See [`scripts/kube/setup-keueu.sh`](scripts/kube/setup-keueu.sh) to install Kueue and create the required `ResourceFlavor`, `ClusterQueue`, `LocalQueue`, and `PriorityClass` resources on your cluster.


# <a name="jupyter"></a>Jupyter Notebook Examples

Interactive notebooks are provided under [`examples/notebooks/client/`](examples/notebooks/client/).

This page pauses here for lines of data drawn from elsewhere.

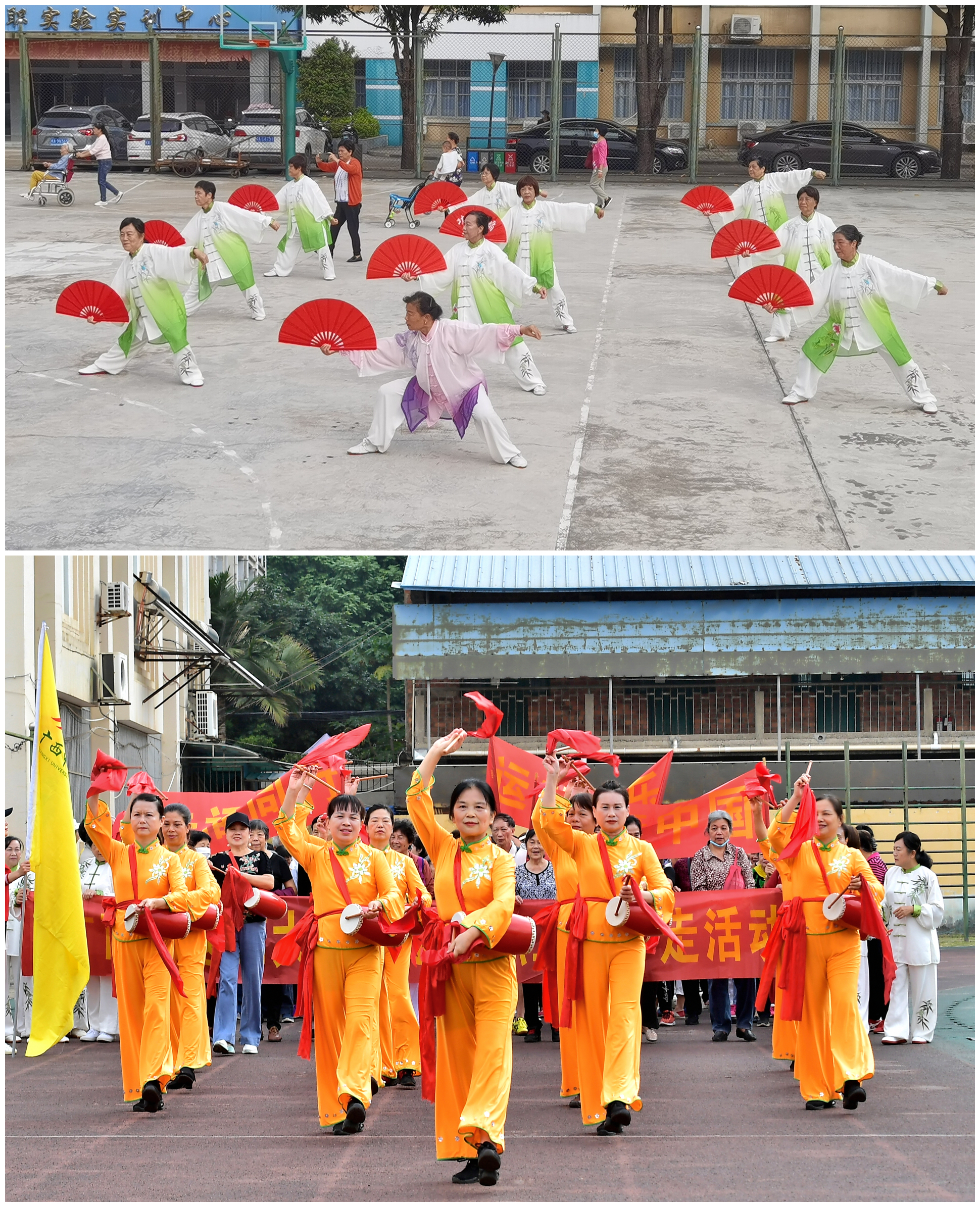 活动以老年艺术队一段精彩的“太极功夫扇”表演开场,接着17名老年腰鼓队员走在队伍的最前面,以铿锵的鼓点和激昂的旋律,击出了昂扬的激情和澎湃的风采。老同志们走在和熙的暖阳下,高呼着“我运动,我快乐”个个精神抖擞,步伐矫健,运动场上一片欢声笑语、生机勃勃。
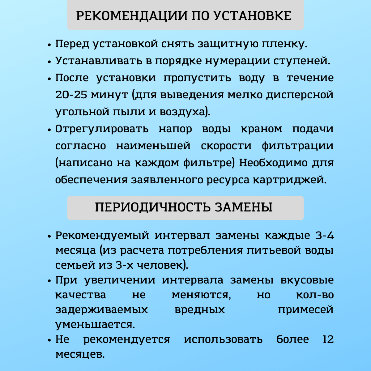 | Дополнительная информация | Только для водопроводной воды, ресурс зависит от степени загрязненности воды. |
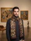 Experience the timeless artistry of Kashmir with this exquisite Ahujasons Signature Stole. A true masterpiece of textile heritage, this piece blends traditional craftsmanship with a modern, eclectic edge.Intricate Artistry: Features a stunning “Kalamkari-inspired” floral vine on a deep ebony base, seamlessly transitioning into classic Paisley (Buta) motifs.Contemporary Twist: Finished with a vibrant, multi-colored striped border that adds a playful, modern energy to the traditional design.Rich Palette: A sophisticated mix of jewel tones—ruby red, mustard gold, and turquoise—woven with precision to create a luminous finish.Premium Comfort: Crafted from high-quality wool/pashmina blend, offering a feather-light feel with exceptional warmth.Drape it over a solid black turtleneck for a high-contrast evening look, or pair it with a crisp white kurta to let the heritage patterns truly pop.
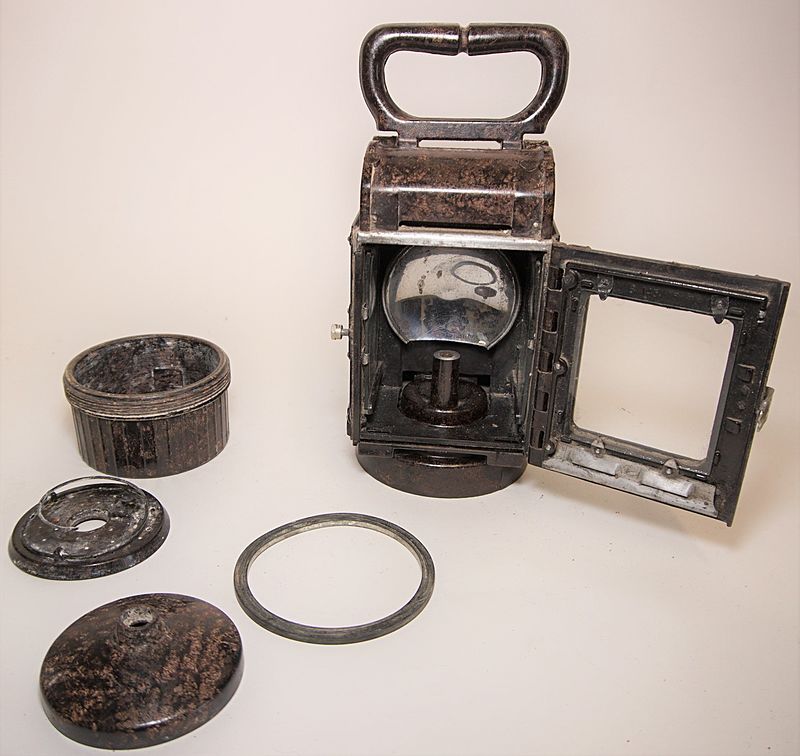 German Lantern by F.F.A. Schulze Berlin. - This came in with the WWII period bunker lantern which we have also listed today. This one however is made from a brass and our research indicated this is earlier and pre dates WWII and we estimate it to have been made during the 1930's but the basic concept and design is a very similar to the other model. This one is maker marked to the back plate F.F.A. Schulze, Berlin. D.R.P. 395351; this company is still in operation today. DRP stands for 'Deutsches Reich Patent' meaning the lamp was made for either the Military or the Government. Interestingly an identical example has recently been recovered from a WWII wreck off Libya. It seems this pattern of lamp was issued to a wide variety of users including Reichsbahn, Wehrmacht, and Reichsmarine. It also appears the design dates back to 1927 and was clearly still in use in WWII.
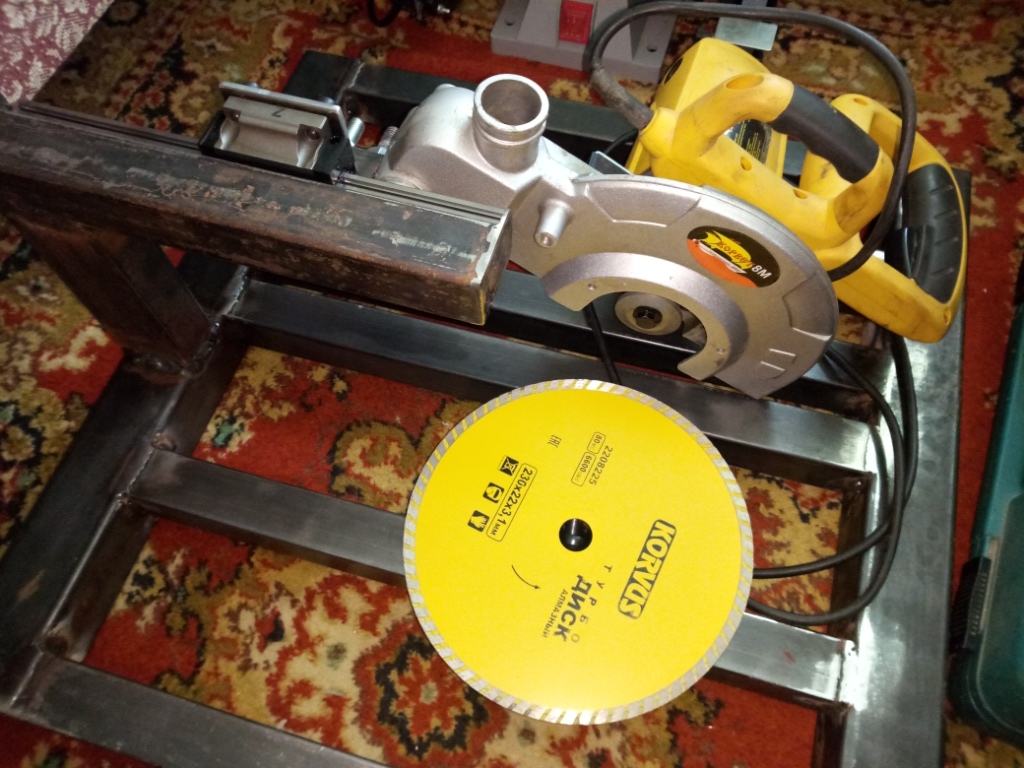 Этот чуть чуть не влазит в мою самодельную "обезьяну". Жаль. Я так хотел им пилить ровненько как и металл. В болгарке нормально идёт, легче чашки, но руки крюки, идеального пила не будет. Режет отлично. В общем с гранитом легко работать. Пыльно правда и грязно если сверлить с водичкой, брызги нормально так летят :hehehe: .
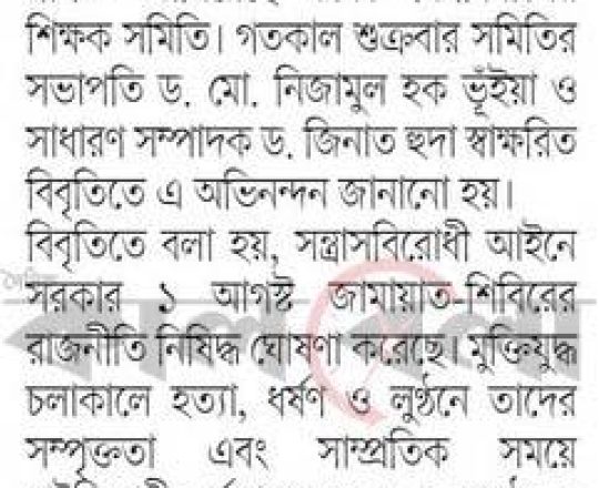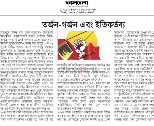 সমকাল, ৩ আগস্ট ২০২৪, জামায়াত নিষিদ্ধের প্রতীক্ষিত পদক্ষেপ
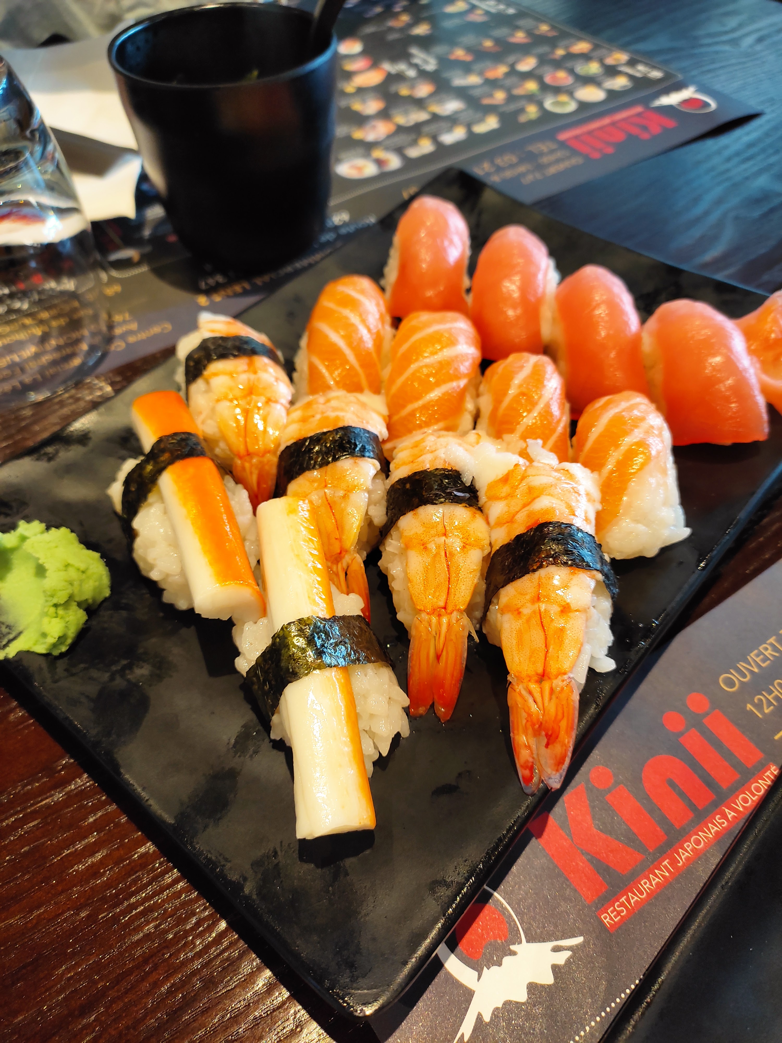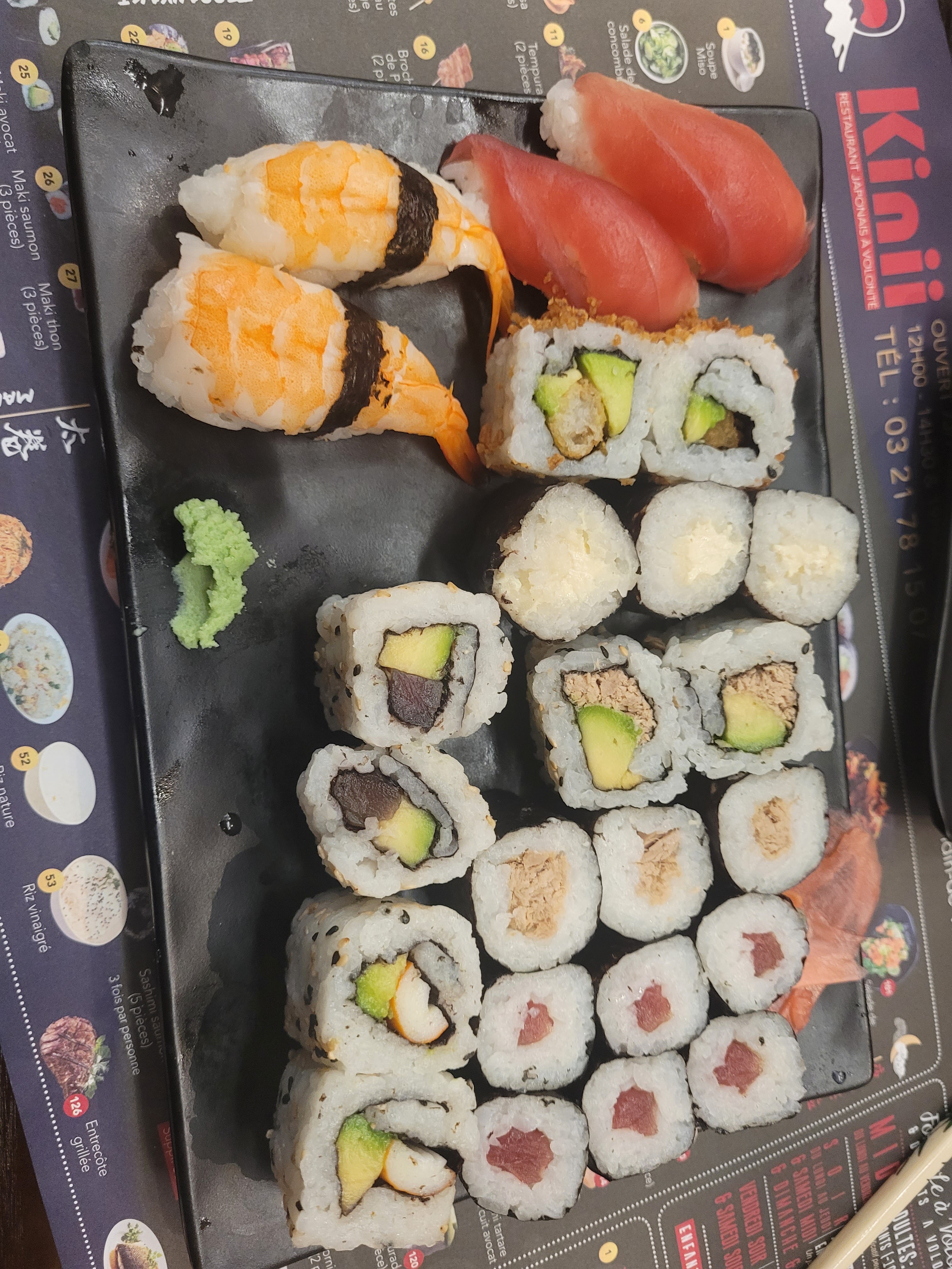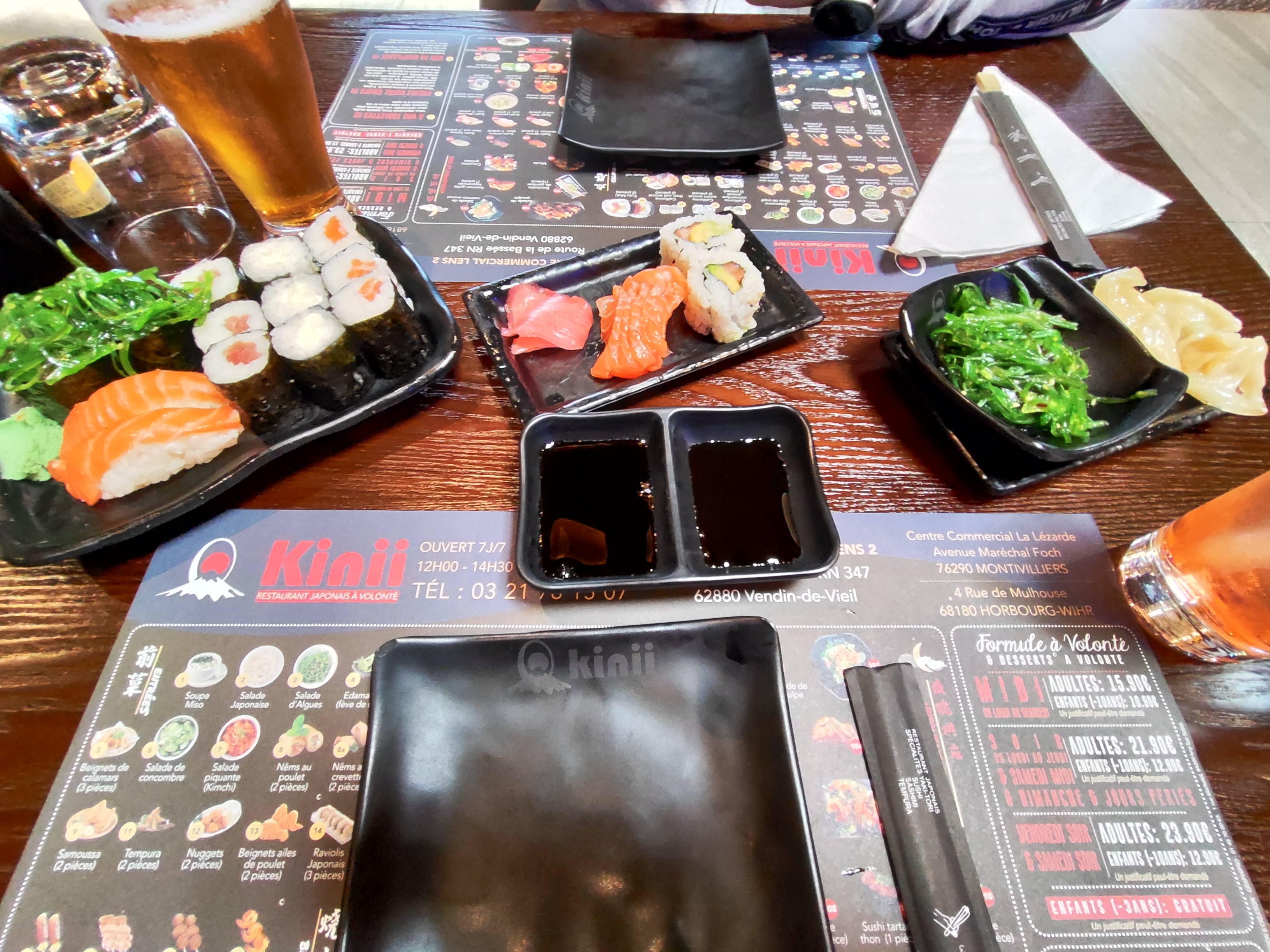Repas en amoureux ce soir au restaurant Kinii de Vendin-Le-Viel. Super accueil de la part du personnel, cadre charmant et très intimiste grâce aux tables séparées de cloisons, ce qui rend le restaurant calme. Système de commande à la tablette, et service très rapide. Le fait de recevoir quelques échantillons de chaque évite le gaspillage et de goûter la plus part des plats. Nous avons commandé les plats et entrées en même temps et on s’est régalé avec tout. Certes on a connu des produits de meilleur qualité, mais le fait que ce soit à volonté le rapport qualité prix est correct. Parmi les boissons nous pouvons retrouver différentes variétés japonaise que soit alcoolisé ou non. Bémol au niveau des desserts, effectivement les pâtisseries congelées ne sont pas très appréciés mais les coupelles de fruit et les verrines sont vraiment sympa et permet de terminer sur une touche légère et sucrée. Je recommande ce restaurant, à essayer entre amis pour tout goûter 😁🍱
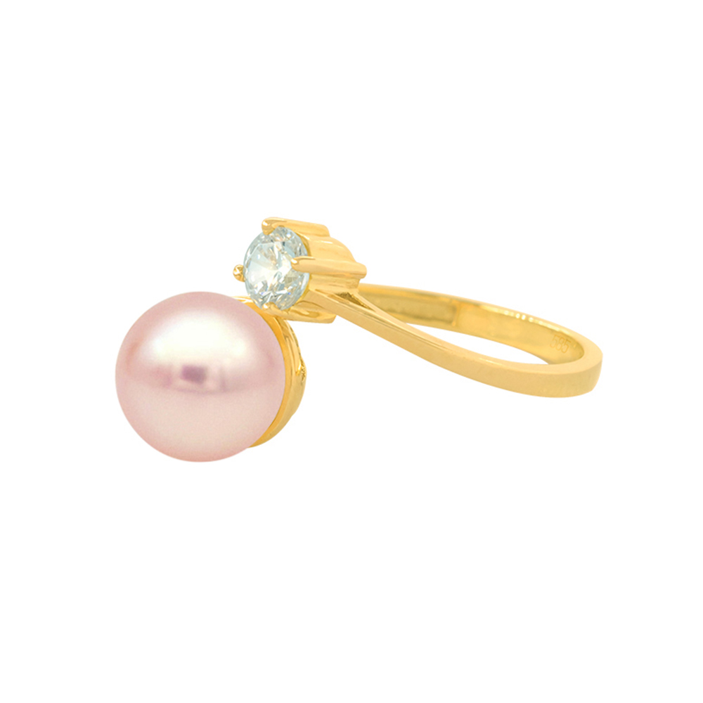 • Ένα υπέροχο δαχτυλίδι με σομόν μαργαριτάρια Q.T.V. Akoya JAPAN διαμέτρου 7,5-8 χιλιοστών σε σχήμα Round.
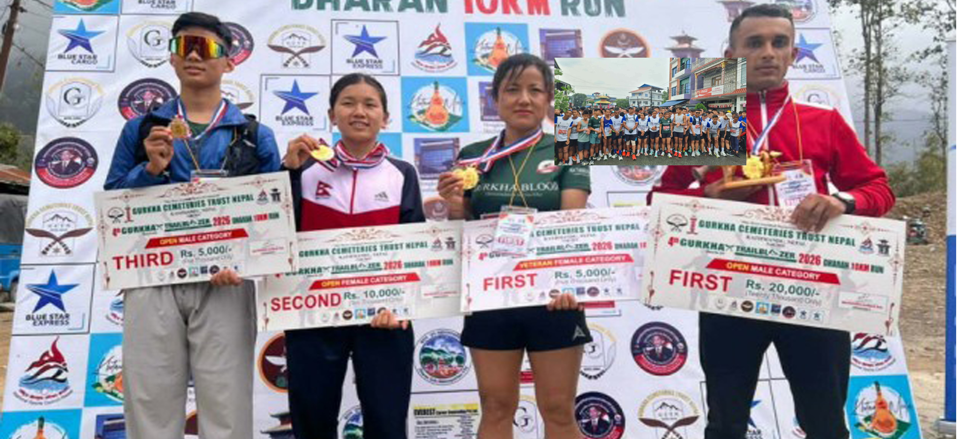 छाल खवरधरान,१४चैतः धरानमा आयोजित चौथो संस्करणको गोर्खा ट्रेल ब्लेजर दौड प्रतियोगिता २०८२ सम्पन्न भएको छ । गोर्खा सिमेट्रीज ट्रष्ट नेपालको आयोजनामा शनिवार धरानमा प्रतियोगिता सम्पन्न भएको हो । गोर्खा ...
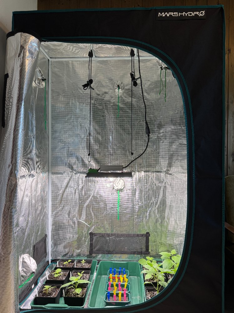 Genutzt wurde das alte, große Growzelt in Mannheim für den ganzjährigen Indoor-Anbau von Chilipflanzen, zuletzt mit einer Rocoto Cabe Gondol. Das neue Growzelt ist momentan nur für die Anzucht von Chili- und Paprikapflanzen vorgesehen. Die Beleuchtung erfolgt weiterhin mit Pflanzenlampen vom Typ Viparspectra P1000.
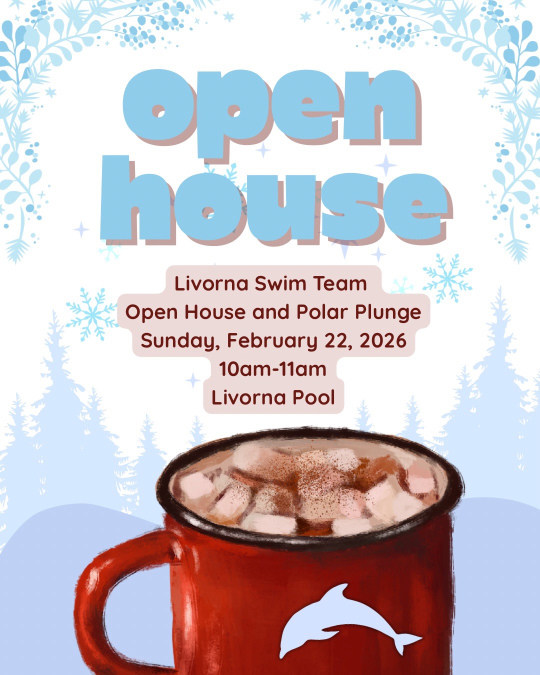Come brave Livorna Pool before we heat it up for the season!! (Actually jumping in is optional!) Enjoy hot cocoa, and bring your friends along! We will also have an Open House where our friends and neighbors can learn more about the Dolphins! Event will run from 10am until 11am. Those who would like to jump into the pool will do so at 10:15am! |
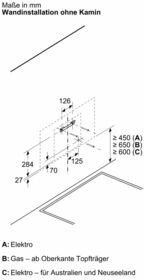 | Mindestabstand vom Gas-Kochfeld | 60 cm |
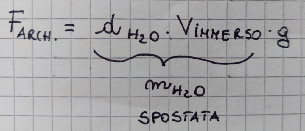 Risulta strano pensarlo, ma la forza di Archimede di calcola come una vera e propria forza peso (dell’acqua spostata) e come tale va calcolata, solo che non risulta rivolta verso il basso, bensì verso l’alto.

| Notebook | Description |
|---|---|
| [amsc_hello_world](examples/notebooks/client/amsc_hello_world.ipynb) | **Start here.** Walks through installation, credential setup, creating a `Client`/`Session`, submitting a job, monitoring with `session.wait()`, and cleanup with `session.destroy()`. |
| [amsc_gpt2_training_job](examples/notebooks/client/amsc_gpt2_training_job.ipynb) | Submits a GPT-2 training job to a remote IRI compute resource, polls for completion, and fetches log output. |
| [amsc_iri_multisite](examples/notebooks/client/amsc_iri_multisite.ipynb) | Demonstrates multi-site job submission across ESnet IRI East and West endpoints using a single session. |
| [amsc_iro_net_xfer](examples/notebooks/client/amsc_iro_net_xfer.ipynb) | Uses the AMSC-IRO backend to orchestrate networked data-transfer jobs with L2 network metadata. |

# <a name="airflow"></a>Apache Airflow Support

The [`airflow/`](airflow/) subdirectory provides custom Airflow operators for submitting and monitoring IRI compute jobs as part of larger data pipelines.

## Operators

- **`IriJobSubmitOperator`** — Plans, submits, and waits for an IRI job. Accepts `service_type`, `profile`, `executable`, `resources`, and `attributes`. Pushes `job_id` to XCom on completion.
- **`IriFetchOutputOperator`** — Downloads stdout/stderr from a completed job to a local directory.

## Quick Start

```bash
cd airflow/
bash setup_airflow.sh --start   # installs deps, initialises DB, launches standalone Airflow
```

Open [http://localhost:8080](http://localhost:8080), configure credentials in `~/.amscrot/credentials.yml`, then trigger the demo DAG (`esnet_iri_example` or `gpt2_training_job`) from the UI or via the REST API:

```bash
curl -X POST http://localhost:8080/api/v2/dags/esnet_iri_example/dagRuns \
     -H "Content-Type: application/json" \
     -u "admin:<password>" -d '{}'
```

See [`airflow/README.md`](airflow/README.md) for the full operator reference and configuration options.